Kourtney Mary Kardashian (born April 18, 1979) is an American media personality and socialite. In 2007, she and her family began starring in the reality television series Keeping Up with the Kardashians. Its success led to the creation of spin-offs including Kourtney and Khloé Take Miami and Kourtney and Kim Take New York.

With sisters Kim and Khloé, Kardashian is involved in the retail and fashion industries. They have launched several clothing collections and fragrances, and additionally released the book Kardashian Konfidential in 2010. Kourtney launched her own website called Poosh in early 2019.
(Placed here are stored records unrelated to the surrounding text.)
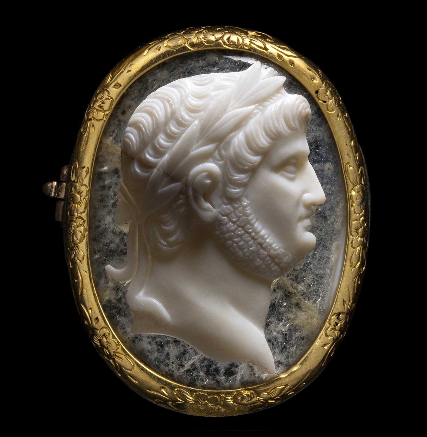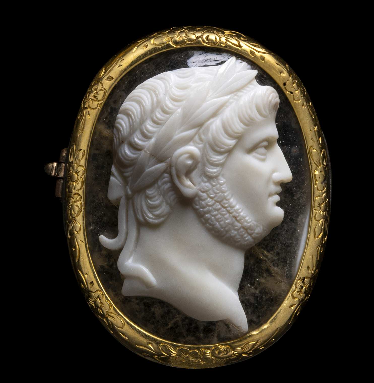 A FINE NEOCLASSICAL AGATE CAMEO SET IN A GOLD BROOCH. PORTRAIT OF THE EMPEROR NERO.
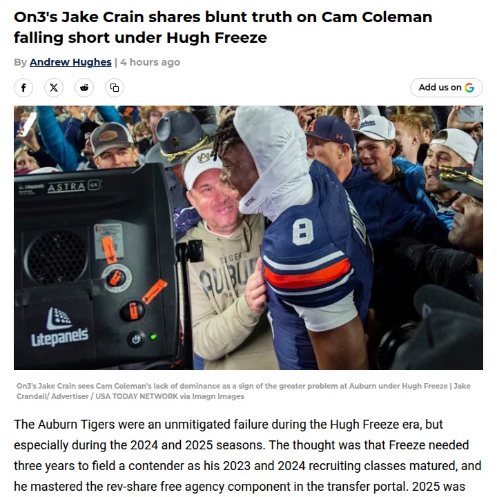 Aaron Taylor+FollowCam Coleman’s Portal Move: Auburn FalloutTough times on the Plains, y’all. Cam Coleman, once the Tigers’ crown jewel, is out after a messy Hugh Freeze era. On3’s Jake Crain didn’t hold back, saying Freeze’s soft approach with stars like Coleman led to a toxic locker room and Auburn’s collapse. Now, Coleman’s eyeing Texas or—brace yourselves—Bama. If he flips to the Tide, that’s a rivalry gut punch. Did Freeze lose the locker room, or was it just too much star power, not enough discipline? #Sports #Football #AuburnFootball00Share
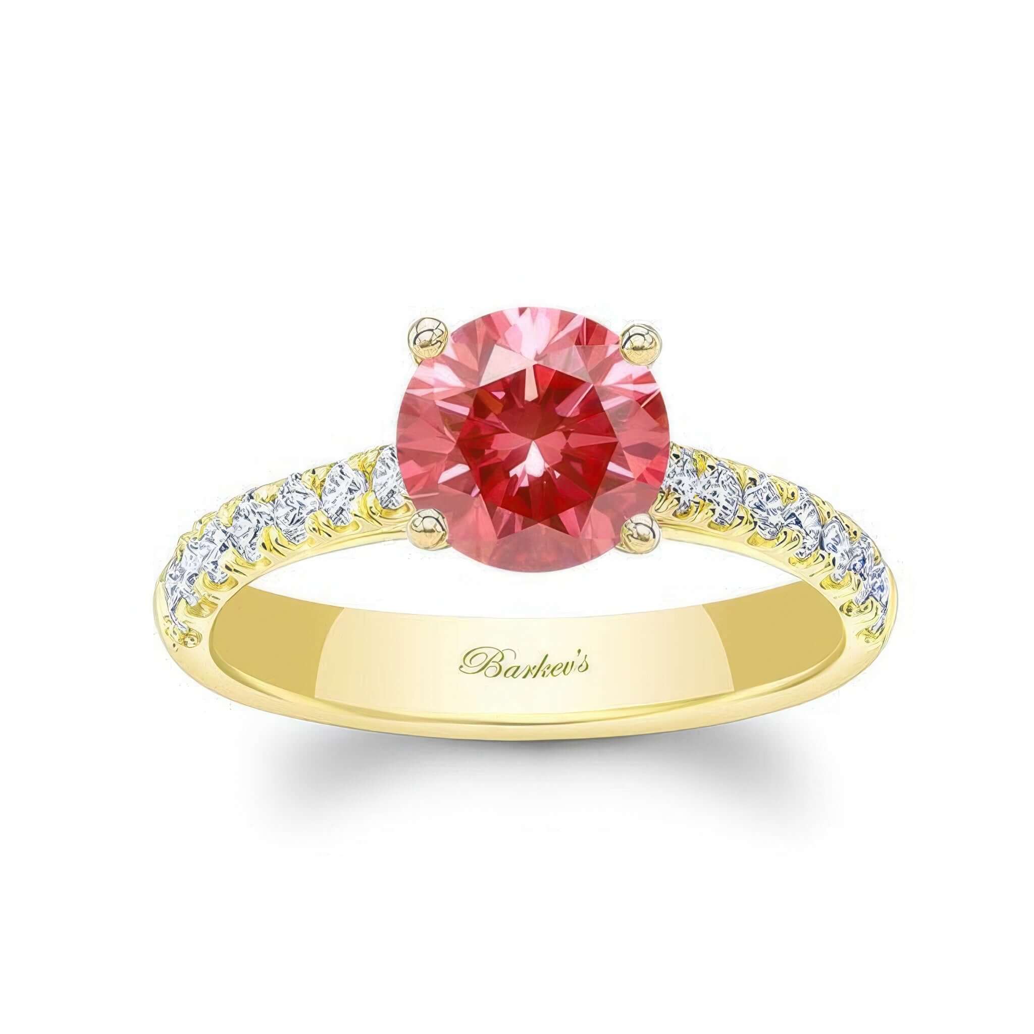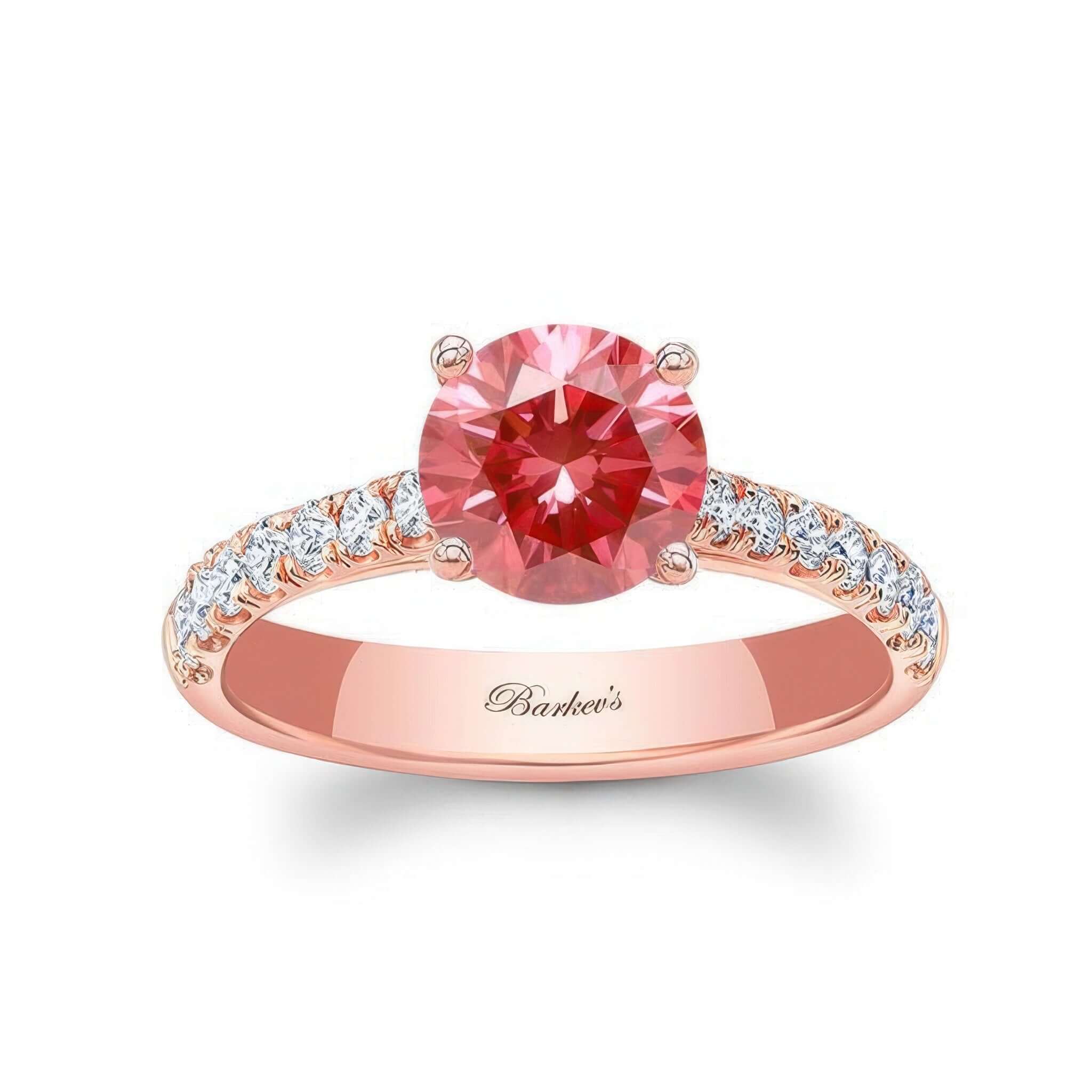 A beautiful round lab grown pink diamond engagement ring featuring a prong set round center with french cut pave set diamonds on the sides for extra sparkle.
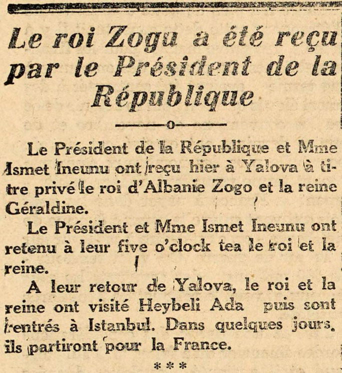Istanbul (1939)- Kur presidenti turk Ismet Inönü priti për një vizitë private mbretin Zog dhe mbretëreshën Geraldinë
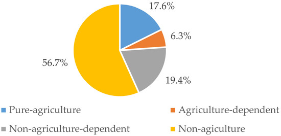 The household livelihood strategies were divided into four types based on the ratio of household non-agricultural income to total income. As shown in Figure 3, non-farming and non-agriculture-dependent livelihood activities were common. The percentage of rural households engaging in non-agricultural livelihood strategies was as high as 56.7%, and the percentage that was non-agriculture-dependent was 19.4%, which suggested that there was a significant number of households participating in non-farming employment. Contrarily, there were significantly fewer households with agriculture-dependent livelihood strategies at around 6.3%.
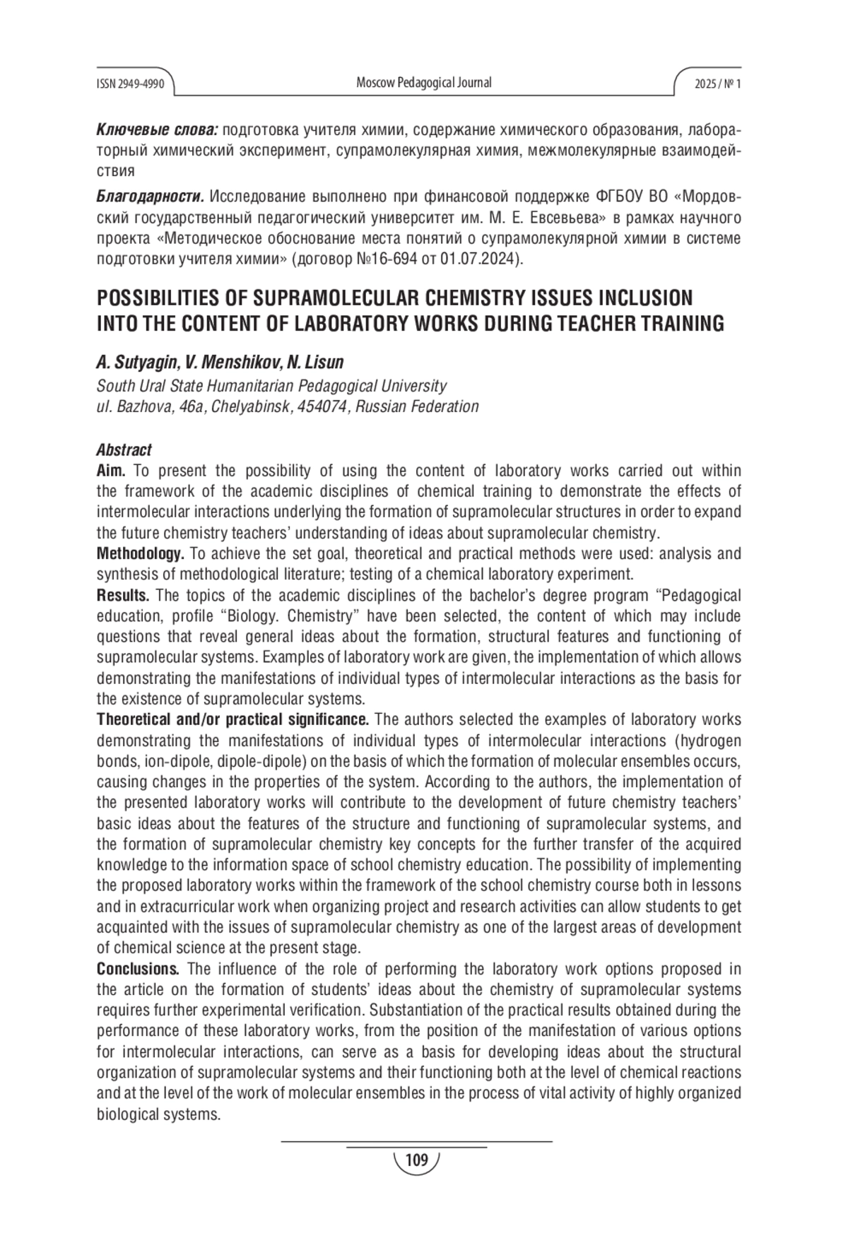 11. Сутягин А. А., Меньшиков В. В. Изучение понятий супрамолекулярной химии при подготовке будущих учителей // Актуальные проблемы естественно-технологического образования: сборник научных трудов по материалам Международной научно-практической конференции. Саранск, 14-15 марта 2019 г. / под ред. М. В. Лабутиной, Т. А. Маскаевой, В. В. Панькиной. Саранск: Издательство Мордовского государственного педагогического института имени М. Е. Евсевьева, 2019. С. 198-203. EDN: KJDMHD
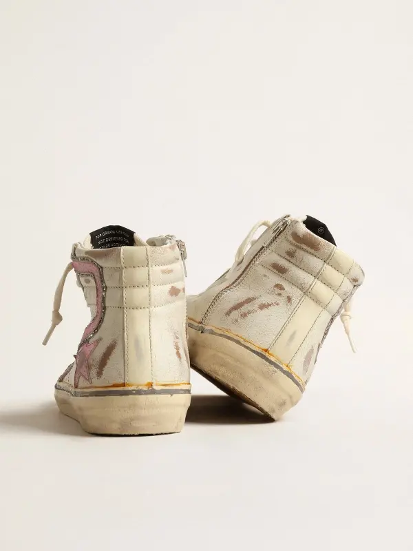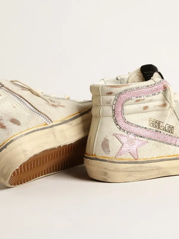 Skate soul, glamorous attitude. Our Slide sneakers take you straight to Venice Beach, between an ollie and a kickflip. This model with a beige leather upper features pink metallic leather inserts, such as the star and flash, edged in silver. The ivory leather heel tab, ice-gray suede inserts and tongue and cream laces complete the look.
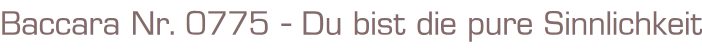 BACCARA Nr. 775 Titel: Du bist die pure SinnlichkeitAutor: Barbara BoswellCora Verlag 1994Heft, Format: 13 cm x 18 cmGewicht: 95 gZustand: leichte Gebrauchsspuren

Kardashian and her siblings are popular on social media and endorse products such as waist slimming pants, beauty products, Coca-Cola, and prescription drugs, for which they are paid (as of 2016) between $75,000 and $300,000 per post on Instagram, Facebook, and Twitter.

Early life
Kourtney Mary Kardashian was born in Los Angeles, California, on April 18, 1979, to Robert Kardashian and Kris (née Houghton). She has two younger sisters, Kim and Khloé, and a younger brother, Rob. In 1991, her parents divorced and her mother married Bruce Jenner, the 1976 Summer Olympics decathlon winner (in 2015, Jenner changed her name to Caitlyn), later that year. Through their marriage, Kardashian gained stepbrothers Burton "Burt", Brandon, and Brody; stepsister Casey; and later half-sisters Kendall and Kylie.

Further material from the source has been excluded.